* _YOUR INSTRUCTIONS_
What you should give back is a precise copy of the lines below from the one containing "Be the first" through the one containing "The first flight", with no pictures.

* _GIVEN ENTRIES_
+ + + + +
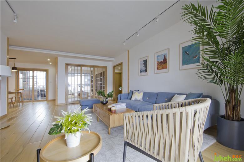 客廳空間方正空間大,布局上大方處理就好了,空間上主要注重軟裝的搭配和顏色的層次。白色墻面在桑拿板木條點(diǎn)綴下有一點(diǎn)靈動(dòng)的色塊的,讓空間變的有趣味了。
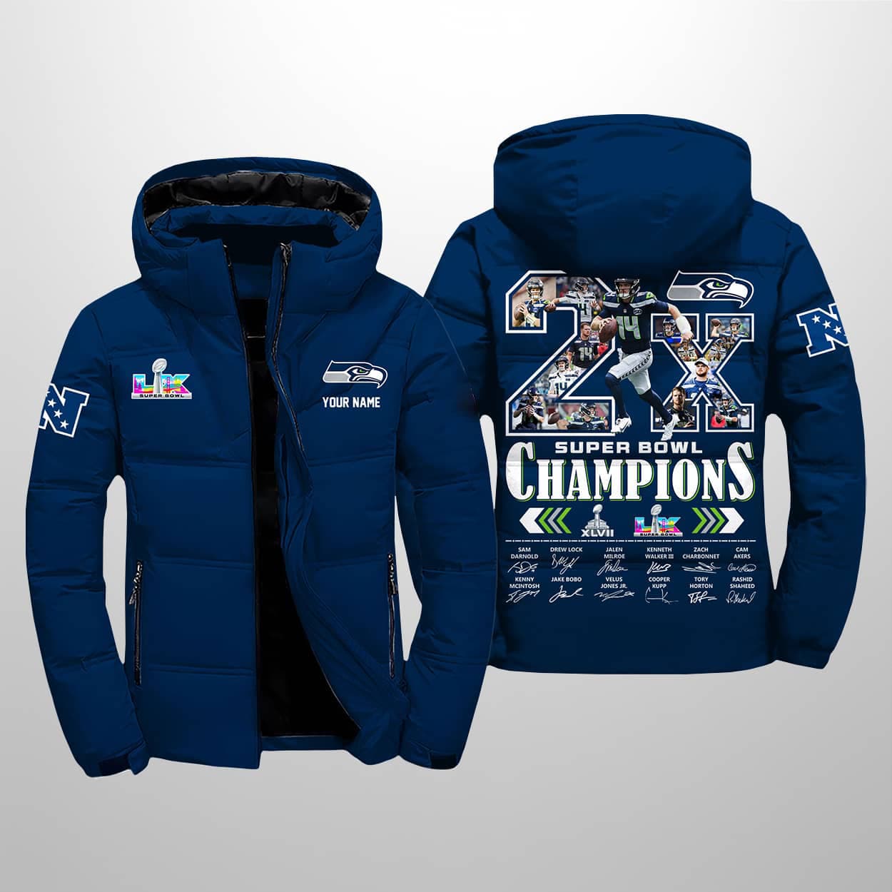 Be the first to review “Seahawks 2X SBowl Champions 2026 Winter Down Jacket” Cancel reply
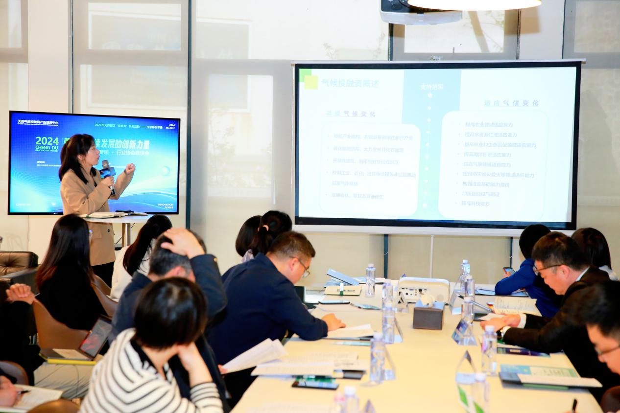为搭建沟通平台,构建气候投融资生态圈,共同推动气候投融资领域的创新与发展,2024年3月26日,由四川天府新区生态环境和城市管理局指导,天府气候投融资产业促进中心主办,成都现代金融产业生态圈联盟、四川联合环境交易所承办的2024年天府新区“蓉易见”系列活动——生态环保专场气候投融资专题·行业协会座谈会,在中国·天府国际基金小镇顺利举行,来自环境保护、环境政策研究、绿色发展、再生资源、供应链金融、小额信贷等领域的12家行业协会和科研院所,共计40余人参与了本次座谈会。
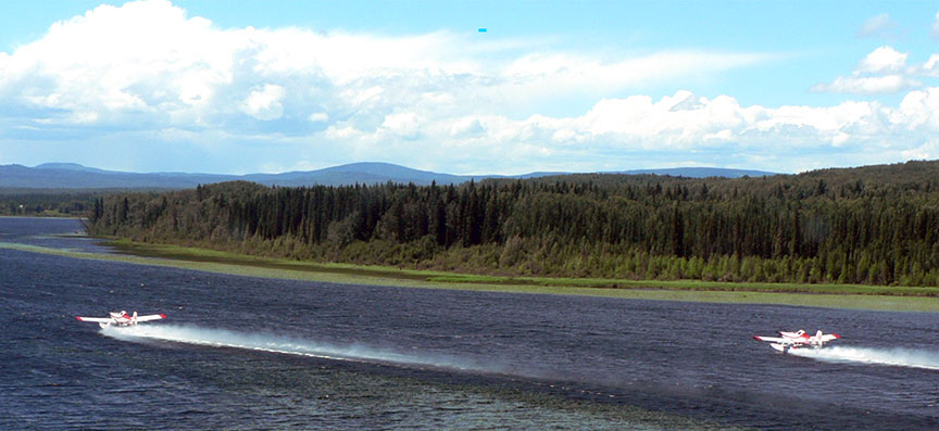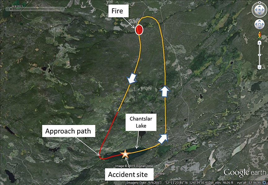 The first flight of the day consisted of 25 scooping runs, dropping a total of 100 loads of fire suppressant agent on the same fire. The group had stopped at 1415 Footnote 1 to refuel and take a lunch break at the Puntzi Mountain Aerodrome (CYPU), 16 nm east of Chantslar Lake, and departed at 1630 with full fuel and full foam Footnote 2 for the second flight of the day. The plan was for the tanker group to continue the same operation.
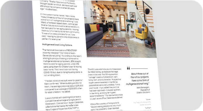 Mark Beirwagen, Michael’s brother, is the president of Shelter Solutions, Portland’s premier ADU builder based in Oregon City. Mark also owns Stone Creek Building, a Portland custom and luxury homebuilder company. “Shelter Solutions is Portland’s thought leader on ADUs. We have built over 250 since the company started 26 years ago,” recalled Mark. In the custom home market, Mark notes, “About three out of four of our projects have some form of multigenerational living.” Lisa Ward, a Portland-based client, contracted Shelter Solutions to build a detached ADU in her backyard for her aging parents, moving them out of a nearby retirement community. “It was a fun, easy process for us,” Lisa said. “Having my parents only steps away is perfect for everyone.” Multigenerational Living Options The National Association of REALTORS® recently released “The Trend of Multi- Generational Living.” According to the report, among buyers purchasing a home with a multigenerational component, 25% bought them to care for aging parents, while 21% were using them for children over 18 moving back home. This trend took root during The ADU was a definite plus for Calabrese’s COVID-19 but, due to rising housing costs, is $4 million listing, as there are few legal not winding down. ones in the area. The 700-square-foot About three out of “cottage” boasts a full bedroom, bath, four of our projects “The last 40 ADUs we built were for parents,” living room, and kitchenette. “Prospective Mark confirmed. “When building an ADU for buyers were interested in the ADU as have some form of Mom, the average price was about $275,000 possibilities were pretty endless, from a multigenerational living.” compared to an average of $200,000 often pool house—if you added the pool that Mark Beirwagen, for adult children,” he added. had been approved—to au pair quarters, President of in-law living, and long-term guest Shelter Solutions Luxury homes with existing ADUs have a accommodations.” The new owners chose competitive advantage among buyers in to use it as an office, Calabrese explained. Greenwich, Connecticut. Susan Calabrese, Above: a Berkshire Hathaway HomeServices ADUs offer a variety of living options. The Timby ADU designed by New England Properties REALTOR® in “We are seeing people who very much Shelter Solutions. Old Greenwich, sells luxury properties want this possibility. Older blended throughout this high-priced ZIP code. “I families find that an ADU is an option for Top Right: sold a home where an ADU was built on housing siblings to provide privacy for The Montgomery ADU with 481 the property when the main house was all,” Calabrese added. Another reason livable square feet. constructed in 2006. The intended purpose younger high-earning families like ADUs is Bottom Right: was for the grown son to live in it while he was that they offer a competitive edge when The kitchen space of Shelter between college and work,” said Calabrese. hiring live-in nannies. Solutions’ Shambry ADU. 4
+ + + + +
* _RESULT OF THE EXERCISE_
 Be the first to review “Seahawks 2X SBowl Champions 2026 Winter Down Jacket” Cancel reply
为搭建沟通平台,构建气候投融资生态圈,共同推动气候投融资领域的创新与发展,2024年3月26日,由四川天府新区生态环境和城市管理局指导,天府气候投融资产业促进中心主办,成都现代金融产业生态圈联盟、四川联合环境交易所承办的2024年天府新区“蓉易见”系列活动——生态环保专场气候投融资专题·行业协会座谈会,在中国·天府国际基金小镇顺利举行,来自环境保护、环境政策研究、绿色发展、再生资源、供应链金融、小额信贷等领域的12家行业协会和科研院所,共计40余人参与了本次座谈会。
 The first flight of the day consisted of 25 scooping runs, dropping a total of 100 loads of fire suppressant agent on the same fire. The group had stopped at 1415 Footnote 1 to refuel and take a lunch break at the Puntzi Mountain Aerodrome (CYPU), 16 nm east of Chantslar Lake, and departed at 1630 with full fuel and full foam Footnote 2 for the second flight of the day. The plan was for the tanker group to continue the same operation.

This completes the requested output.